──────── SOURCE RECORDS ────────

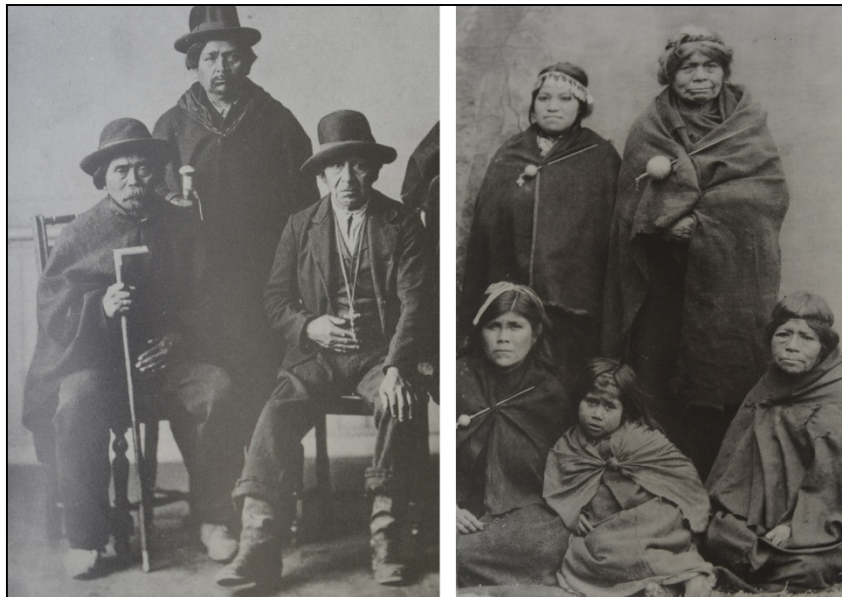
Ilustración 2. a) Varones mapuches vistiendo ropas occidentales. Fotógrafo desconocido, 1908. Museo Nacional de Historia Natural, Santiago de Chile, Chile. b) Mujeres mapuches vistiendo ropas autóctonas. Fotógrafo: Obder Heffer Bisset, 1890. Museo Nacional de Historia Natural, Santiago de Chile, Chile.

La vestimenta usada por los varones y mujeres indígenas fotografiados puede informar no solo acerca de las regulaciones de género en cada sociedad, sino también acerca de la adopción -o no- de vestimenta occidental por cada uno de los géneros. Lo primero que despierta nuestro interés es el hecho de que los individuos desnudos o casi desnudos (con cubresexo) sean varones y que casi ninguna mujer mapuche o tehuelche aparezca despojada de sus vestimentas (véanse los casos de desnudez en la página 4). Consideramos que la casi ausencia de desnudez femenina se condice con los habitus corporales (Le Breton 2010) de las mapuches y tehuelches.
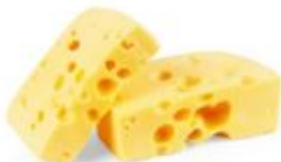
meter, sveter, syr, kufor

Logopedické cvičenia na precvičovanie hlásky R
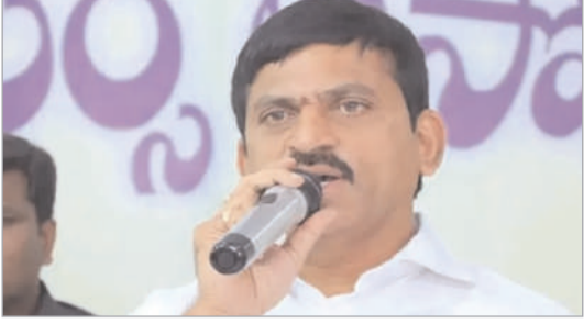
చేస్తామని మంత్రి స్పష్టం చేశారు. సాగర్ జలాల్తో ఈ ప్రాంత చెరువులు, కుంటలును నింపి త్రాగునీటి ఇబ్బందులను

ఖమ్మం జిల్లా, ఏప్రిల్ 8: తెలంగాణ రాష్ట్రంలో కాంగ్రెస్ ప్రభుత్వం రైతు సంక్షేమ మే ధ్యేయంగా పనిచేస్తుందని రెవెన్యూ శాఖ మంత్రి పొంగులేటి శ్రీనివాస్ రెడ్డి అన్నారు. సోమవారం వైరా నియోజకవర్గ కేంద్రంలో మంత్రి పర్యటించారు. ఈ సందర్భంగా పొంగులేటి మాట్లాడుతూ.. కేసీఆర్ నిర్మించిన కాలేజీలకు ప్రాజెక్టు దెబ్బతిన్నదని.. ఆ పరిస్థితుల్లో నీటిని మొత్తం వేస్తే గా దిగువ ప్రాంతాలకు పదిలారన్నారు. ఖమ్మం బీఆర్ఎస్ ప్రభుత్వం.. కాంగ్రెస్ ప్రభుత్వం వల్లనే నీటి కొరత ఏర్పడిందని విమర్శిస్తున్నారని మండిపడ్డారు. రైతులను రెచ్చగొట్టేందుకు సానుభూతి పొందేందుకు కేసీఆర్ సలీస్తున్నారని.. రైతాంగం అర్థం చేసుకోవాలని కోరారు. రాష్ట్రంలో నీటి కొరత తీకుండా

────────
──────── SOURCE RECORDS ────────

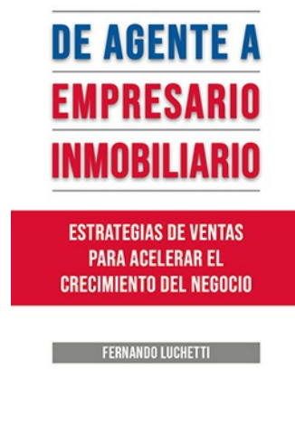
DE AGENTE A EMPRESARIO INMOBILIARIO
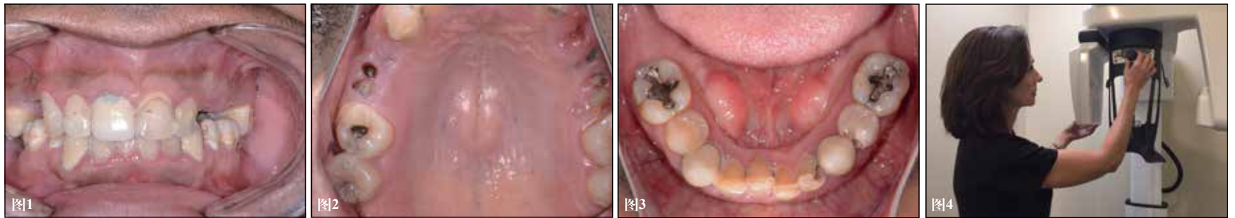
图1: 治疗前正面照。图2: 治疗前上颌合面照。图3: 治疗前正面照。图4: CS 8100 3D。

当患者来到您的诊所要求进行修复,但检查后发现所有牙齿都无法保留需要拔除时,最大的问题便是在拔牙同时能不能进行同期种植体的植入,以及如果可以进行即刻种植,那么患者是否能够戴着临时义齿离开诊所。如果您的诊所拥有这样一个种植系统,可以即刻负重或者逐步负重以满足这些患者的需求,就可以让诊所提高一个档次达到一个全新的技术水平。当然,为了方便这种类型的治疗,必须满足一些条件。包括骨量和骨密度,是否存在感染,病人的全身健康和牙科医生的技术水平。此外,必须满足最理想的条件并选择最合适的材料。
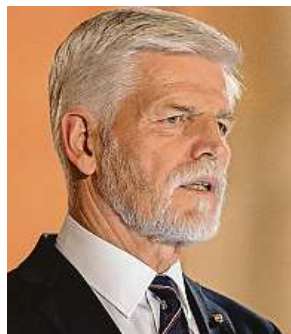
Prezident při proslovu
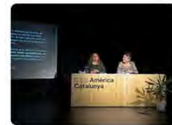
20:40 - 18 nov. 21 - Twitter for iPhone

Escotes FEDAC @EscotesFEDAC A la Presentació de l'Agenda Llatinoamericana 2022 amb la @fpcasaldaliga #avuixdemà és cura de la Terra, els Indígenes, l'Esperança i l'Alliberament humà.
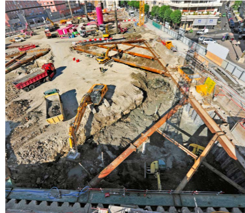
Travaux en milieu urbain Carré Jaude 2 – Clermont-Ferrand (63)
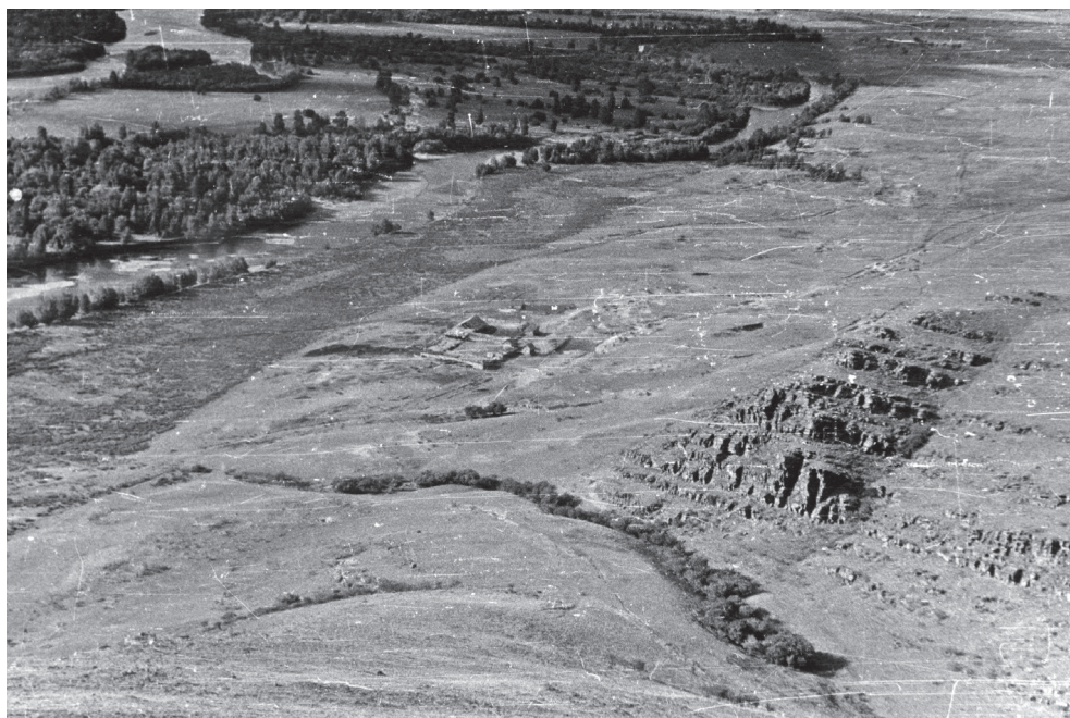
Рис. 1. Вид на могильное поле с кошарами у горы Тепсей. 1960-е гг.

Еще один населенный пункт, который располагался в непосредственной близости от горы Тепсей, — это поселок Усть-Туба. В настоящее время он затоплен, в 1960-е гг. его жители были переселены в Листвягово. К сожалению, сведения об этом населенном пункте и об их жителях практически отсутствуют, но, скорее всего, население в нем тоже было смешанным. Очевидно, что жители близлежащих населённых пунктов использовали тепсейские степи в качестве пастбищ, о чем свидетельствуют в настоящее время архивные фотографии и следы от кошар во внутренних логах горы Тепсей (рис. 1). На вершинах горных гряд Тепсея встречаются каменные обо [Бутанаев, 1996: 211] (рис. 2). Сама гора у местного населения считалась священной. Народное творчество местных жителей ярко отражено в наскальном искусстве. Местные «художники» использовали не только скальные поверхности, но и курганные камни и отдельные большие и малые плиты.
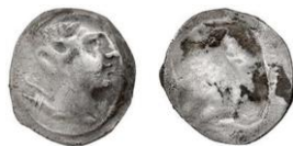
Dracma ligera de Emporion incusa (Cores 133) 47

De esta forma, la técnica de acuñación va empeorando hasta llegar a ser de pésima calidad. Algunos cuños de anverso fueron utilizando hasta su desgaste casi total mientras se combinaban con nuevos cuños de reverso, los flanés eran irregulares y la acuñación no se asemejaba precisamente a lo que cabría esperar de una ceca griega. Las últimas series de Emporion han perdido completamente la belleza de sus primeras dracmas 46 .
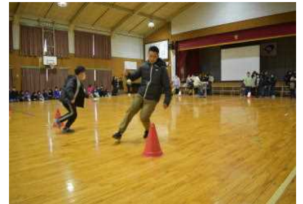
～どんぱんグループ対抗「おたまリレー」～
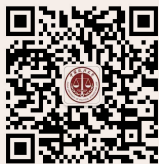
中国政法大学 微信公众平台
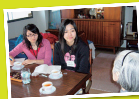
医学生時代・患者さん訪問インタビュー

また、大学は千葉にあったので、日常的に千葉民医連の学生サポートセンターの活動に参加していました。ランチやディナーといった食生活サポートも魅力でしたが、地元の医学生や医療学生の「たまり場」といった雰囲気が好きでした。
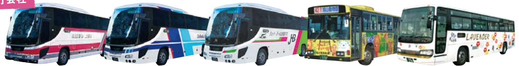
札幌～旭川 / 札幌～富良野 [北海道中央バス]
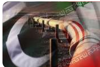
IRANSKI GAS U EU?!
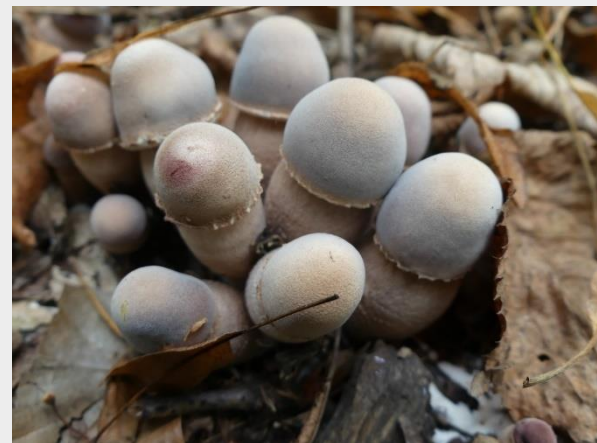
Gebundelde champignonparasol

────────
──────── SOURCE RECORDS ────────

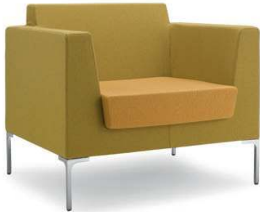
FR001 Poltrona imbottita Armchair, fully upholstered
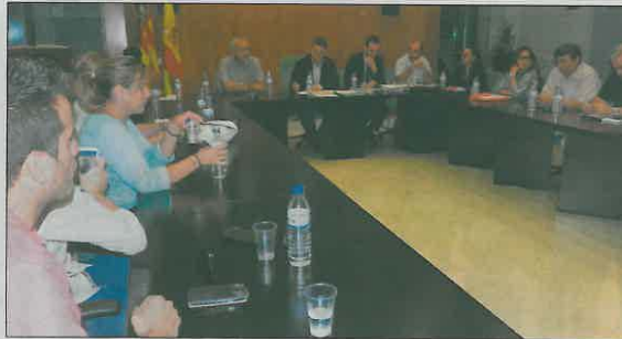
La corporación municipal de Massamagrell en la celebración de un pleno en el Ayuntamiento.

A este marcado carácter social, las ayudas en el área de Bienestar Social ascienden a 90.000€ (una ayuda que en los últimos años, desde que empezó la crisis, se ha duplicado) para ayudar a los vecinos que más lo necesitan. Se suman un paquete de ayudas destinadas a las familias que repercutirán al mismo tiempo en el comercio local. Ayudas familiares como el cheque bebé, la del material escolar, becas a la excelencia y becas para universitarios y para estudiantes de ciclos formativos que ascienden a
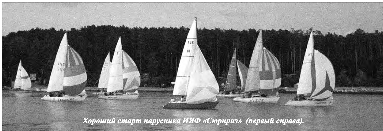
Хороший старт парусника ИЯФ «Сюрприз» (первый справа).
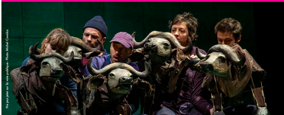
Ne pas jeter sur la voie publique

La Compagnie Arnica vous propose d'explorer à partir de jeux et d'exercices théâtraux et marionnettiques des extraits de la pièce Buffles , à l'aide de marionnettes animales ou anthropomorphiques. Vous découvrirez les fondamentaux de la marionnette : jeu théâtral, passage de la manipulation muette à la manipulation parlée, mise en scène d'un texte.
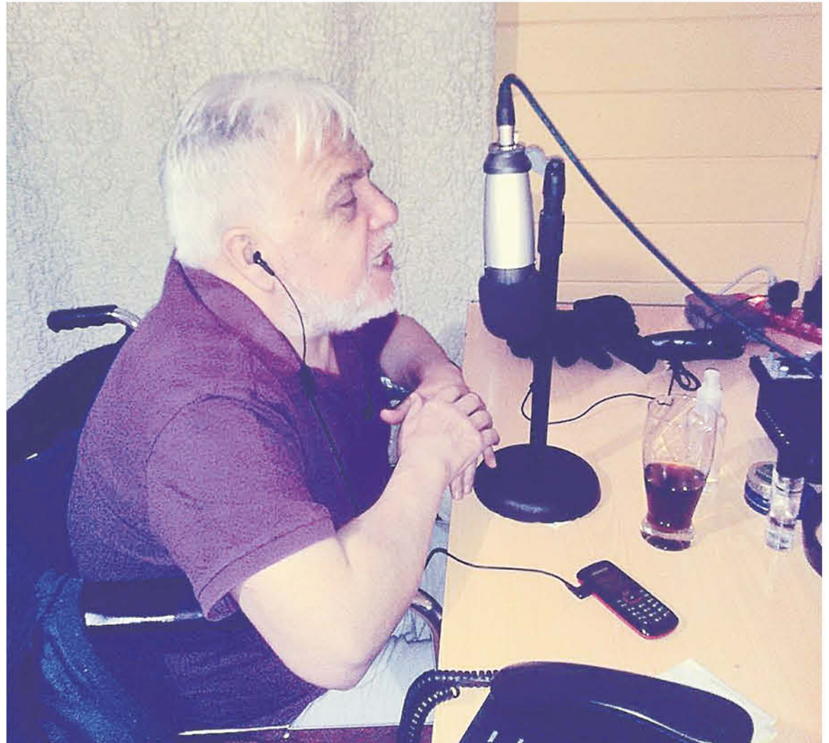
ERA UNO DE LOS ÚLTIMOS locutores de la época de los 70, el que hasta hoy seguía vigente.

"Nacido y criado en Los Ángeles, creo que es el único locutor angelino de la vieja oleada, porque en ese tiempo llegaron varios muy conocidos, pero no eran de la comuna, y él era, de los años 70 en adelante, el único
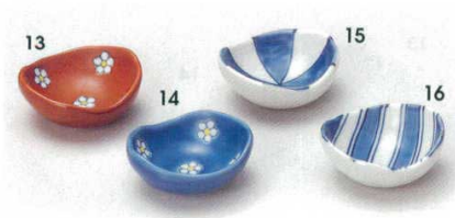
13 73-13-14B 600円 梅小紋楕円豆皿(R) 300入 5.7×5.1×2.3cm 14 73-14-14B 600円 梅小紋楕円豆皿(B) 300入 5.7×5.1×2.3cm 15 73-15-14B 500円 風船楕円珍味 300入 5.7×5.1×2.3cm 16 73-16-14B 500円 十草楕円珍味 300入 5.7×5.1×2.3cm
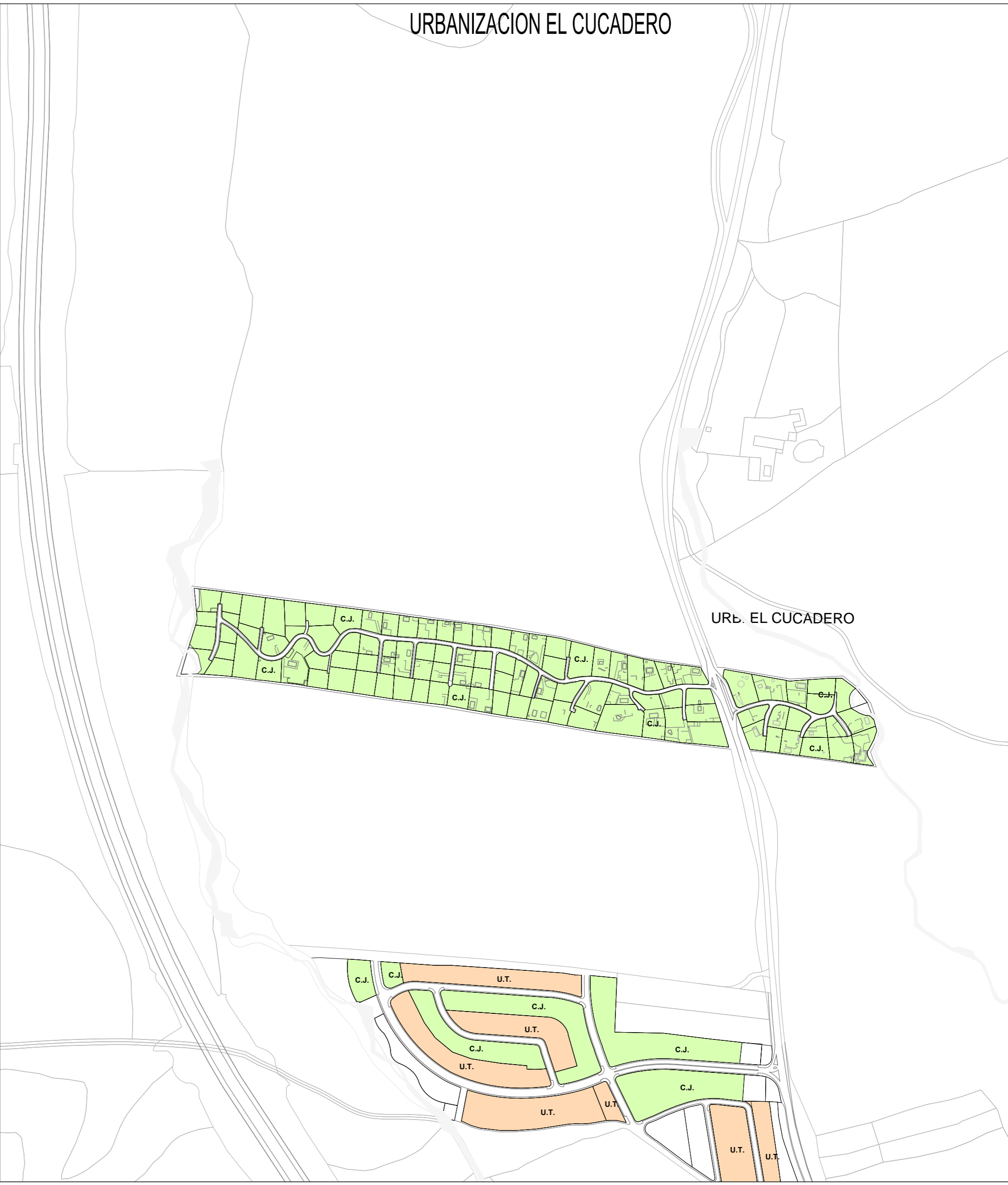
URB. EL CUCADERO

────────

- EXERCISE OBJECTIVE: Begin with the line that has "చేస్తామని మంత్రి స్పష్టం" in the listing above and end after the line that has "ఖమ్మం జిల్లా, ఏప్రిల్"; output those lines exactly.

- OUTPUT FOR THIS EXERCISE:
చేస్తామని మంత్రి స్పష్టం చేశారు. సాగర్ జలాల్తో ఈ ప్రాంత చెరువులు, కుంటలును నింపి త్రాగునీటి ఇబ్బందులను

ఖమ్మం జిల్లా, ఏప్రిల్ 8: తెలంగాణ రాష్ట్రంలో కాంగ్రెస్ ప్రభుత్వం రైతు సంక్షేమ మే ధ్యేయంగా పనిచేస్తుందని రెవెన్యూ శాఖ మంత్రి పొంగులేటి శ్రీనివాస్ రెడ్డి అన్నారు. సోమవారం వైరా నియోజకవర్గ కేంద్రంలో మంత్రి పర్యటించారు. ఈ సందర్భంగా పొంగులేటి మాట్లాడుతూ.. కేసీఆర్ నిర్మించిన కాలేజీలకు ప్రాజెక్టు దెబ్బతిన్నదని.. ఆ పరిస్థితుల్లో నీటిని మొత్తం వేస్తే గా దిగువ ప్రాంతాలకు పదిలారన్నారు. ఖమ్మం బీఆర్ఎస్ ప్రభుత్వం.. కాంగ్రెస్ ప్రభుత్వం వల్లనే నీటి కొరత ఏర్పడిందని విమర్శిస్తున్నారని మండిపడ్డారు. రైతులను రెచ్చగొట్టేందుకు సానుభూతి పొందేందుకు కేసీఆర్ సలీస్తున్నారని.. రైతాంగం అర్థం చేసుకోవాలని కోరారు. రాష్ట్రంలో నీటి కొరత తీకుండా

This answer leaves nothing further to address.